“A spasso con Daisy” è l’adattamento per il grande schermo della pièce teatrale “Driving Miss Daisy” di Alfred Uhry del 1987, che l’anno dopo vinse con l’opera il premio Pulitzer per la drammaturgia. Morgan Freeman, co-protagonista della pellicola, ha fatta parte del cast originale dello spettacolo che debuttò lo stesso anno a New York.
Atlanta, 1948: Daisy (Jessica Tandy) è un’anziana vedove ebrea, ricca senza volerlo ammettere, indipendente e testarda, cui l’età inizia a fare qualche scherzo di troppo. Dopo una banale incidente in auto, il figlio Boolie (Dan Aykroyd) decide di affiancare ad Idella, la sua donna di servizio, un autista che si occupi dei suoi spostamenti.
“A spasso con Daisy”: esìli di razza a confronto
La scelta cade su Hoke (Morgan Freeman), afroamericano sveglio e volenteroso a caccia di lavoro. Inizialmente tutte le idiosincrasie di Daisy renderanno più che travagliata la nuova convivenza. Ma il passare del tempo e la resilienza di Hoke permetteranno la nascita di un rapporto umano vero, che accompagnerà Daisy fino alla fine dei suoi giorni. Aldilà della discreta dose di retorica svenevolezza con cui il grande pubblico lo ha recepito ai tempi – e l’Academy stessa, che lo premiò con quattro Oscar – “A spasso con Daisy” trova i suoi punti di forza ben oltre i confini della politica dei buoni sentimenti, della tolleranza e del volemose bene.
La scrittura di Alfred Uhry, che curò la sceneggiatura della pellicola, rappresenta un grande esempio di drammaturgia al servizio del proprio presente. Le coordinate spazio-temporali scelte per la messa in scena sono emblematiche del livello della sfida intrapresa: il sud razzista degli Stati Uniti alla vigilia e lungo tutto l’arco della serie di tentate rivoluzioni sociali dei decenni successivi. Nella pellicola diretta da Bruce Beresford i protagonisti danno vita ad un rapporto dialettico di diffidente riduzione delle reciproche distanze e, idealmente, ad una finale convergenza delle reciproche radici identitarie.

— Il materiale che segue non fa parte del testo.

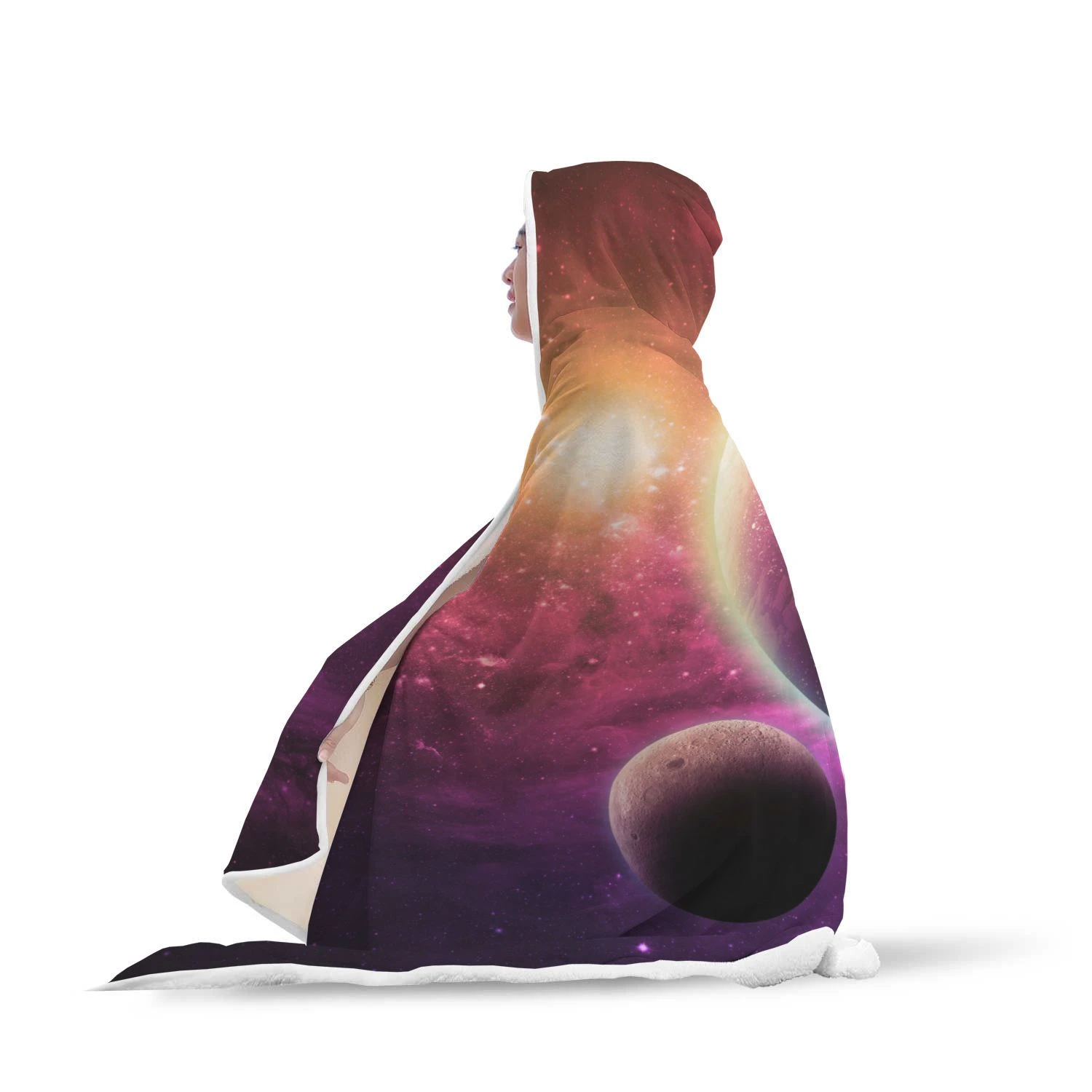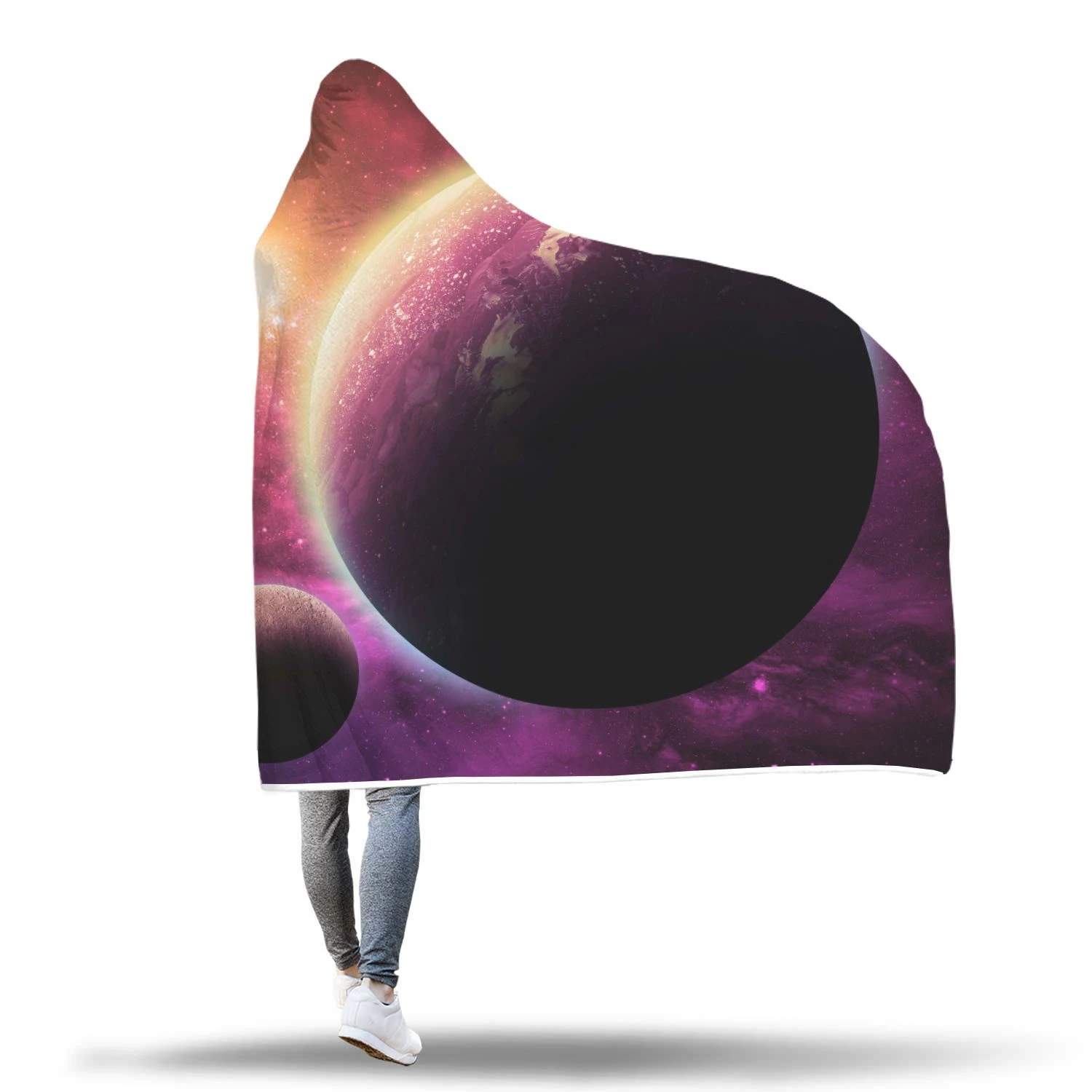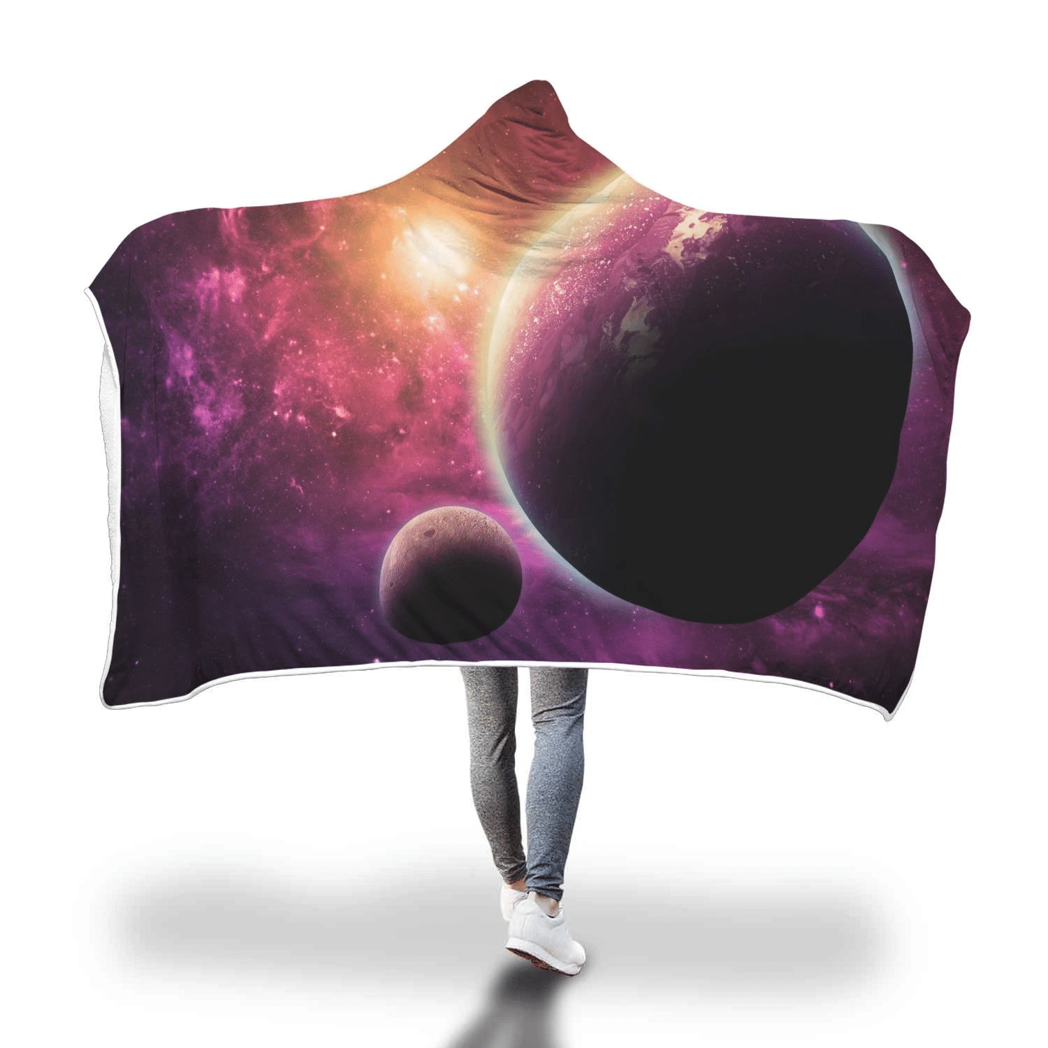 Red Galaxy Space Moon Earth Print Hooded Blanket Cloak Blanket

Un grande cast per un grande plot
Merito di una grande scrittura, che evita l’altissimo rischio di overdose di zuccheri mantenendo sempre dritta la barra di una narrazione fatta di ritmo leggero ma costante e di piacevole sostanza. Merito di una regia e di un montaggi sapidi ed eleganti e di una ricostruzione attenta delle location e dello spirito dei tempi. E merito di una coppia di protagonisti, a cui va aggiunto un Dan Aykroyd misurato e brillante nella sua benevola pinguetudine da imprenditore di successo e figlio amorevole, assolutamente eccezionali. Jessica Tandy, monumentale nell’incarnare le contraddizioni di una donna troppo anziana per l’epoca in cui vive. In lei la vita ha giocoforza instillato la diffidenza come forma di sopravvivenza, ma la sua natura più profonda la porta a mettere in discussione fino alla fine le convenzioni e le buone maniere di quella stessa società che in conclusione l’ha messa tra i vincenti.
Morgan Freeman, attore di cinema già prestato al teatro per il debutto newyorchese dell’opera, è magistrale nel dare alla controparte afroamericana della vicenda un taglio credibile, pur non venendo meno alle peculiarità del personaggio e dei suoi retaggi. Lontano dal luogo comune dell’idiot savant tanto caro a una certa produzione dell’epoca, Hoke è disponibile ma mai servile, lucidamente passivo, emblema della pratica del rispetto e del buon esempio come forma di relazione ideale. Oltre ai quattro premi Oscar (Miglior film, miglior attrice protagonista, miglior sceneggiatura non originale e miglior trucco), la pellicola vinse anche un Orso d’argento, un David di Donatello e un premio BAFTA.